Read this package insert carefully before starting to take the medication.

• Keep this package insert, as you may need to read it again.
• If you have any questions, consult your doctor or pharmacist.
• This medication has been prescribed for you, and you should not give it to others, even if they have the same symptoms, as it may harm them.
• If you experience any adverse effects, consult your doctor or pharmacist, even if they are not listed in this package insert (see section 4)

Dostinex is a medication used to prevent milk production, immediately after delivery as well as for its removal, in the following situations:

-After delivery, once the mother decides not to breastfeed her child

-After delivery, when breastfeeding is contraindicated for medical reasons for the mother or for the newborn.

-After giving birth to a stillborn fetus or after an abortion.

Additionally, Dostinex is indicated in the treatment of disorders related to the increase of prolactin hormone in the blood (hyperprolactinemic disorders), including absence of menstruation (amenorrhea), menstruation that is very spaced out in time (oligomenorrhea), menstrual cycles in which there is no ovulation (anovulation) and milk secretion in the breast not associated with the lactation period (galactorrhea).

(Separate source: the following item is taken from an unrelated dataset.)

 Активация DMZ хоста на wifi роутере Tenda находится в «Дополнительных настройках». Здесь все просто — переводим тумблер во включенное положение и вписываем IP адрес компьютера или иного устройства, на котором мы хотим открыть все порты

Dostinex is also indicated in patients with pathologies associated with hyperprolactinemic disorders, such as tumors of the pituitary gland that secrete the prolactin hormone (hypophyseal adenomas – micro and macroprolactinomas), increases in the prolactin hormone without a known cause (idiopathic hyperprolactinemia) or empty sella syndrome.

Do not take Dostinex

-If you are allergic (hypersensitive) to any ergot alkaloid, cabergoline, or any of the other components of this medication (listed in section 6)

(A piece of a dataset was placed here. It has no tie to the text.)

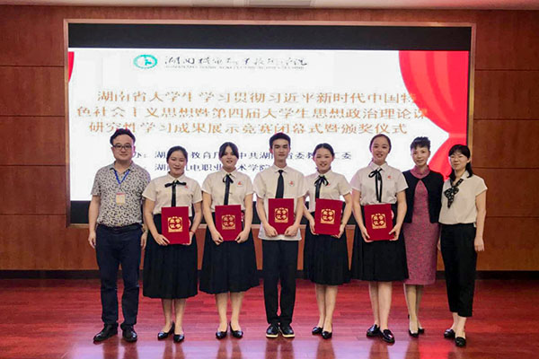 在5月27日结束的湖南省大学生学习贯彻习近平新时代中国特色社会主义思想暨第四届大学生思想政治理论课研究性学习成果展示竞赛决赛中,由思政课部邓艳君、高莉和肖彬老师指导的研究性学习小组——17市营1班何江瑶、肖剑、曾睿琪、黄琳欢、易凤琴,以作品《习近平知青岁月对大学生成长成才的启示研究》,获得高职高专组一等奖第一名。

-If you are to be treated with Dostinex for a prolonged period and have any of your heart valves affected

-If you have severe liver disease (severe hepatic insufficiency)

-If you have a history of postpartum psychosis (a post-partum syndrome characterized by depression, delirious ideas, and thoughts of harming yourself and/or your child)

-If you have high blood pressure during pregnancy associated with fluid retention (edema) and protein in the urine (toxemia of pregnancy)

-If you have or have had fibrotic disorders (scarring tissues) that have affected your lungs, heart, or abdomen

-If you are being treated with medications used to treat mental illnesses (antipsychotic medication)

Warnings and precautions

-If you have severe heart or circulation disease, pain, or sudden changes in color in your extremities (Raynaud's syndrome), stomach ulcers, or gastrointestinal bleeding

-If you have severe liver disease, you may need a lower dose

-If you have a history of severe mental illnesses (especially of a psychotic type)

-If you are taking medications that lower blood pressure. Dostinex may cause a drop in blood pressure when changing positions (postural hypotension).

-During prolonged treatment with Dostinex, your doctor will evaluate if your heart, lungs, and kidneys are functioning properly. Your doctor will also perform an echocardiogram (a heart ultrasound) before starting treatment and regularly during treatment. If any valve abnormalities are detected, treatment with Dostinex will not be initiated or will be discontinued if the abnormality occurs during treatment.

-If you experience or develop during treatment clinical signs and/or symptoms of respiratory, cardiac, or renal alterations

-If during treatment you develop an increased sex drive or obsessive sex drive

-If during treatment you notice altered behavior related to gaming

-If during treatment you make compulsive purchases

-If during treatment you eat compulsively

-If during treatment you experience drowsiness or the sudden onset of sleep

-If you are pregnant or think you may be pregnant

If you are in any of the above cases, consult your doctor.

Inform your doctor immediately if you notice or someone notices in you:

If you have just given birth, you may be at a higher risk of developing certain conditions. These may include high blood pressure, heart attack, seizures, strokes, or mental health problems. Therefore, your doctor will need to monitor your blood pressure frequently during treatment. Talk to your doctor immediately if you experience high blood pressure, chest pain, or severe and persistent headaches (with or without vision problems).

Before administering Dostinex, pregnancy must be ruled out. In fertile patients, the use of barrier contraceptives is recommended.

Before starting treatment, your doctor may perform tests to evaluate your pituitary function. During prolonged treatment with Dostinex, your doctor may perform periodic gynecological check-ups and liver function tests.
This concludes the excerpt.